Quasars are the oldest known astronomical objects and can thus provide important information on the state of the early Universe. They are thought to exist at the centres of giant host galaxies and may be powered by supermassive black holes, which would explain why they are the brightest objects in the sky.

There is now compelling evidence that galaxies as large as the Milky Way had already formed less than a billion years after the Big Bang. However, existing models of galaxy formation cannot explain how so much matter could have assembled at such a rapid rate.

Loeb and Barkana have now studied the absorption spectra of two very distant quasars, found at high redshifts of 4.79 and 6.28 by the Sloan Digital Sky Survey in 2001. The redshift is a measure of how fast an object is receding from the Earth due to the expansion of the Universe -- a higher redshift means that the object is further away. The spectra contained emission lines resulting from excited hydrogen atoms with characteristic “double-horn” peaks that could not be explained.

Loeb and Barkana believe that these peaks are unique “signatures” which may provide direct evidence that quasars are embedded in massive host galaxies.

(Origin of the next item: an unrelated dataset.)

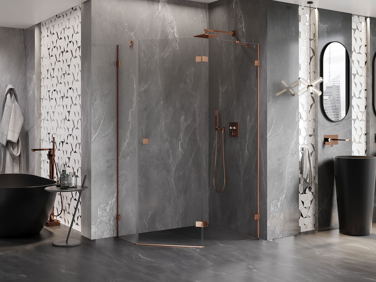 Mexen Lunar penkiakampė dušo kabina, dešinė atveriama, 100 x 90 cm, skaidri, rožinio aukso spalva - 831-100P-090L-60-00-P

Such a host galaxy gravitationally pulls in large quantities of gas from its surroundings, which would absorb some of the light from the quasar. The researchers say that, based on the absorption signature, they can estimate the amount of gas falling into the host galaxy. This enables them to calculate the gravitational force exerted by the host galaxy and consequently its total mass.

The researchers show that the two quasars lie in galaxies that weigh about 1012 solar masses -- which is about the size of the Milky Way. They calculate the total in-fall rate of gas into these galaxies to be about 1300 solar masses per year for the z=4.79 quasar and 2900 solar masses per year for the z=6.28 quasar. From these rates they estimate that the host galaxies of these quasars could have been formed in about 300 million years for the z=4.79 quasar and 900 million years for the z=6.28 quasar. This ties in well with the age of the Universe, which is estimated to be about 14 billion years.

The team admit that more observational data are needed to test their model and now hope to look at other quasars. “We are working on similar signatures for less massive galaxies - those that may host other sources of light such as gamma-ray bursts which are visible at greater distances,” Loeb told PhysicsWeb.